The code has been forked from https://git.gesis.org/hosseiam/excite-docker, but there is little of the original code left except the core EXparser algorithm.
A demo of the web frontend (without backend functionality) is available here.
git clone https://github.com/cboulanger/excite-docker.git && cd excite-docker
./bin/build
./bin/start-servers
You can control the extraction and segmentation process via the CLI. CLI
commands can be executed with ./bin/run <command>
Available commands can be
listed with ./bin/run --help
, and you can always get detailed help on each
command with ./bin/run <command> [<subcommand>] --help
The main commands for extracting references from PDFs are:
layout
: run layout analysis of any PDF file in Data/1-pdfs
and put the
result into Data/2-layout
exparser
: process all the files in Data/2-layout
. The output will be
provided in csv (plain text), xml and BibTex format in the directories
Data/3-refs
, Data/3-refs_seg
and Data/3-refs_bibtex
segmentation
: process the references that are in the csv files in the
Data/3-refs
directory and output xml and BibTex files in
Data/3-refs_seg
and Data/3-refs_bibtex
For more CLI commands, see the sections below.
If you want to use this feature, you need to have git-lfs installed before you check out this repository. git-lfs is necessary to download the large files that are used during training.
In order to train a new model from scratch, you need to do the following:
./bin/run model create <model_name>
Data/1-pdfs
if they are native PDFs or contain an OCR layer. If the PDFs consist of
scanned pages without the OCR layer, put them into 0-pdfs_no_ocr
and wait
for the OCR server to process them and move them to Data/1-pdfs
./bin/run layout
Data/2-layout
into Dataset/<model_name>/LYT
Dataset/<model_name>/LYT
in the identification and segmentation
views. Here is more information on training the reference extraction
model and the
the reference parsing model../bin/train <model_name>
. If
you want to train extraction, segmentation and model completeness separately, use
./bin/run train extraction <model_name>
, `train segmentation
Training data lives in the Dataset/<model_name>
folder.

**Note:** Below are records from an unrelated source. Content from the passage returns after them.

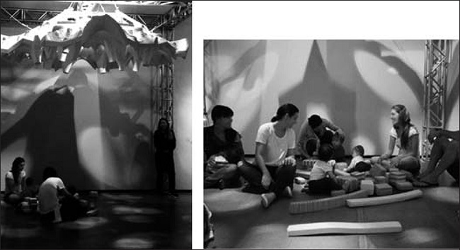 Especificamente com relação à exposição de Gaudí, o jogo de volumes e ocupação dos espaços estava presente, provocando muitas interações e relações com a espacialidade. Entretanto, as caixas de papelão com recortes geométricos que evocavam vitrais traziam pouca relação do pensamento singular desse arquiteto. Já em Os Muito e o Um [...], a proposta foi bastante focada no tapete inspirado nas pesquisas terapêuticas de Lygia Clark. Mesmo com a presença de elementos que evocavam pertinentemente a obra de Ernesto Neto, não se fez presente algo que complexificasse a experiência com as diferentes texturas ou que fizesse um diálogo mais intenso com as obras de Lygia Clark (ou de outros artistas) em exibição.
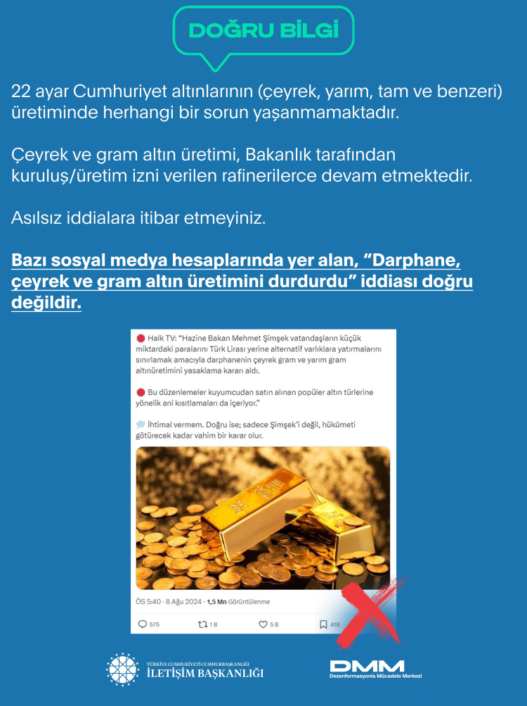 Bazı sosyal medya hesaplarında yer alan, “Darphane, çeyrek ve gram altın üretimini durdurdu” iddiası doğru değildir.
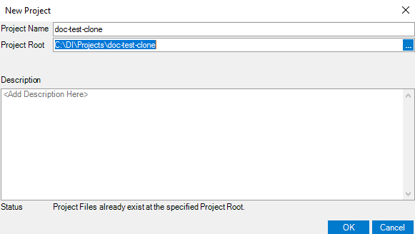2. In the Project Root box, edit the path to be the file path of the Workbench project you want to import. The Project Name automatically fills in as the name of the Workbench project you selected and the ClosedStatus becomes Project Files already exists at the specified Project Root. You may change the project name.
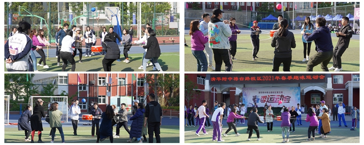 教师们也不甘示弱,在“众星捧月”这项比赛中,引来全体学生的加油与助威。无论青年教师还是年长教师,都热爱运动,为祖国健康工作五十年而努力拼搏。
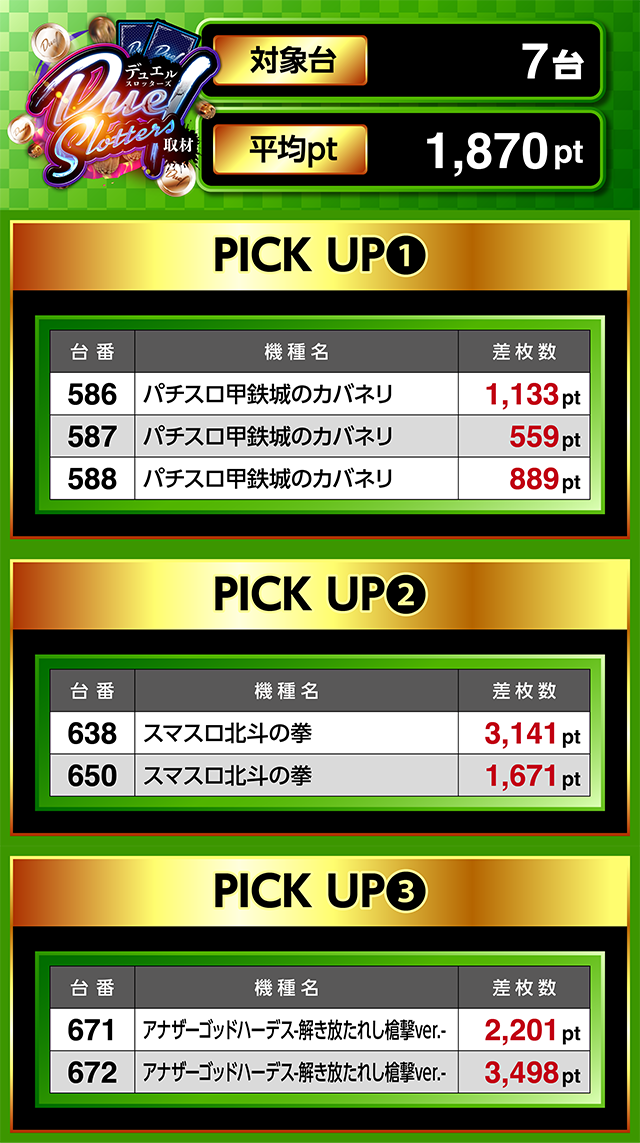2台設置の「アナザーゴッドハーデス-解き放たれし槍撃ver.-」が並んで2,200ptを超え、672番台は3,400ptオーバー!

For details, see here.
For training, you need to populate the following folders with training data:
Dataset/<model_name>/LYT/ - layout files
Dataset/<model_name>/LRT/ - layout files with annotation for references <ref>
Dataset/<model_name>/SEG/ - segmentation data for citations
To run the training, execute ./bin/training <model_name>
.
This will generate data in the following folders:
#feature extraction output
Dataset/<model_name>/Features/
Dataset/<model_name>/RefLD/
#model training output
Models/<model_name>/SMN.npy
Models/<model_name>/FSN.npy
Models/<model_name>/rf.pkl - the model
You can list all existing models with bin/run model list
and delete a model with
bin/run model delete <model_name>
.
You can store model and training data on a WebDAV server, which is particularly
useful for sharing data and collaborative training. To enable this, rename /.env.dist
to .env
and configure the required environment variables.

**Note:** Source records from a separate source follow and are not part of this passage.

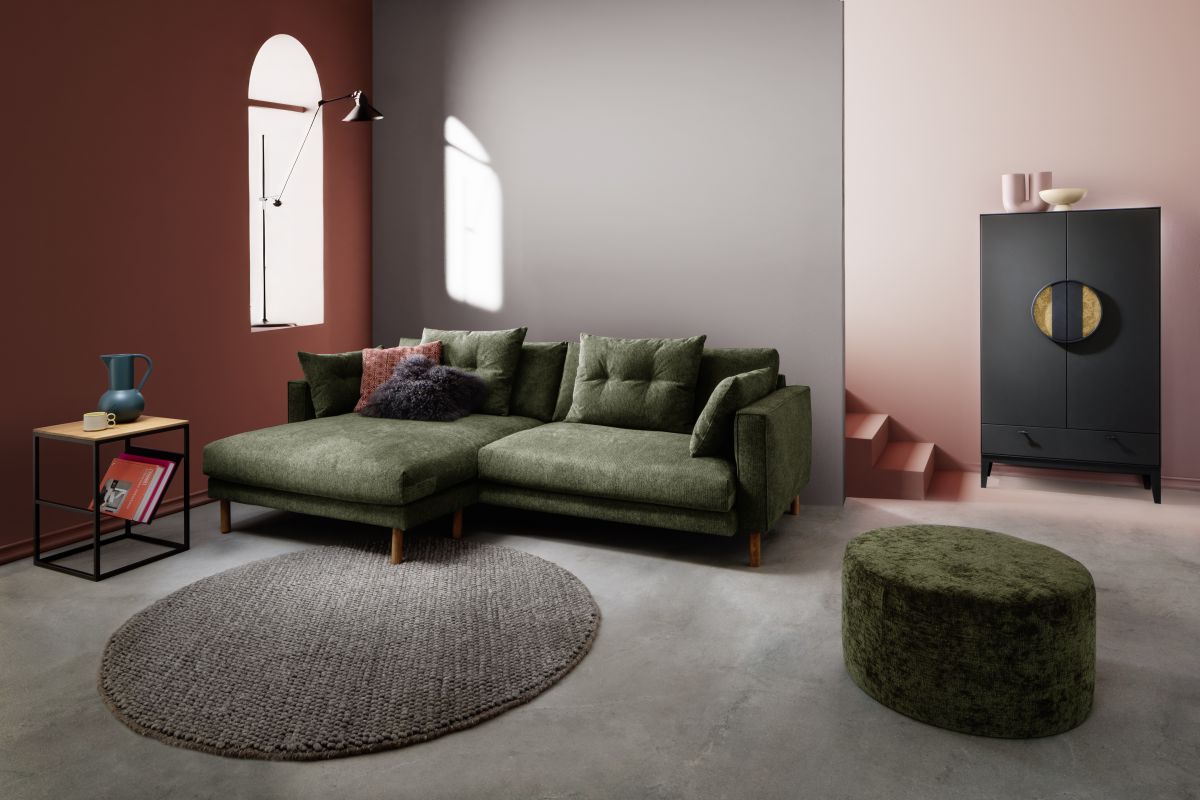 bestehend aus "Sofa mit Anbauhocker der links oder rechts als Erweiterung angehängt werden kann"
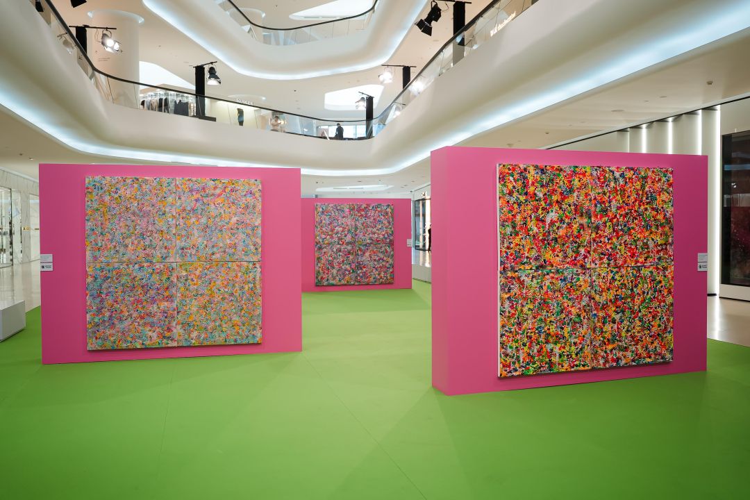 ภายในงานพบกับ ผลงานจิตรกรรมขนาดใหญ่จำนวน 10 ชุด ถ่ายทอดผ่านเทคนิค การหยดสีอะคริลิคบนผ้าใบ สร้างมิติทางสายตาที่ทั้งชวนสับสนและสงบนิ่งในเวลาเดียวกัน สะท้อนสภาวะก้ำกึ่งระหว่างโลกแห่งความตื่นและความฝัน รวมถึงความรู้สึกภายในที่คลุมเครือแต่ทรงพลัง ซึ่งถือเป็นผลงานชุดที่ “สื่อความเป็นตัวตนมากที่สุด” ของศิลปินในช่วงเวลานี้
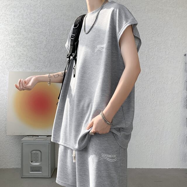 【予約販売】メンズ セットアップ スエット 無地 上下 ノースリーブ ハーフパンツ ストリート ブラック/グレー/ホワイト 部屋着 韓国 ジム スポーツウエア カジュアル 春 夏 大きいサイズ M/L/XL/2XL/3XL/4XL/5XL
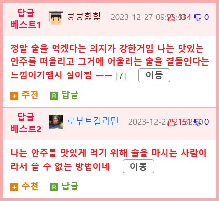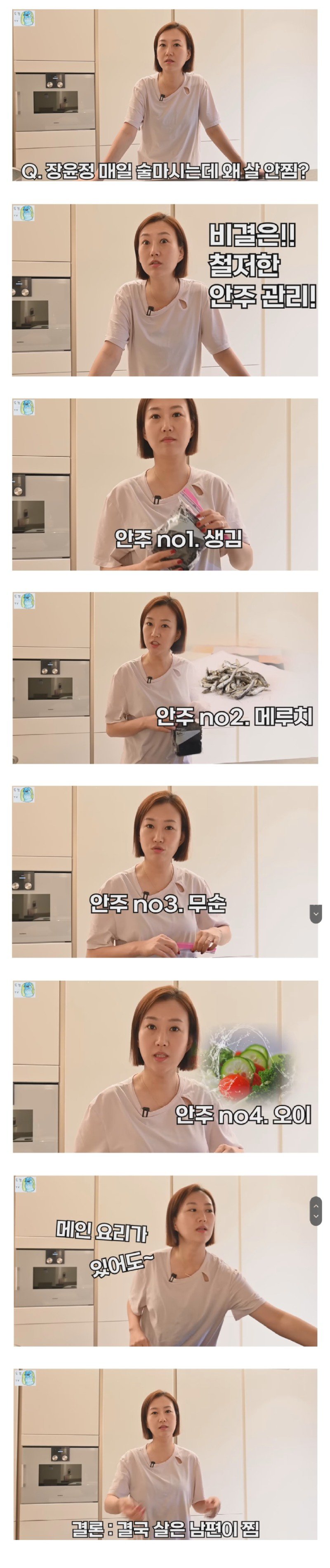 이어서 다른 답글 중에서는 "나는 안주를 맛있게 먹지 않기 때문에 술을 먹는 방법을 몰라서 쓸 수가 없어요." 라고 말하는데, 그래서 안주 no1.은 생김먹이고, 안주 no3.은 무순 살이시답글로부터 나온 것이고, 안주 no2.는 메루치인데, 비결은 철저한 안주관리라고 합니다. 술을 마시는 사람이 살이 더 쪄지 않으려면 안주를 잘 고르고 관리해야 한다는 의견입니다.

The available CLI commands can be listed with bin/run package --help
. To
upload training or model data to the WebDAV server, you can use the package publish
command, which has the following syntax
bin/run package publish --help
usage: package publish [-h] [--model-name MODEL_NAME] [--trained-model]
[--training-data {extraction,segmentation,all}]
[--overwrite]
package_name
positional arguments:
package_name Name of the package in which to publish the model data
optional arguments:
-h, --help show this help message and exit
--model-name MODEL_NAME, -n MODEL_NAME
Name of the model from which to publish data. If not
given, the name of the package is used.
--trained-model, -m Include the trained model itself
--training-data {extraction,segmentation,all}, -t {extraction,segmentation,all}
The type of training data to include in the package
--overwrite, -o Overwrite an existing package
The package_name
is an arbitrary string which should express the content of
the package, plus ideally a timestamp, such as foo-segm-train-data-20220502
or
foo-model-data-20220502_075523
. You can choose to upload training data with
the --training-data
option, which takes either "extraction", "segmentation",
or "all" for both. To share the trained model itself, use --trained-model
. Since
the model files are large, this will add significantly to the size of the package
and to the time it takes to upload and download the model data. On the other hand,
this saves the time for training the model with the training data first.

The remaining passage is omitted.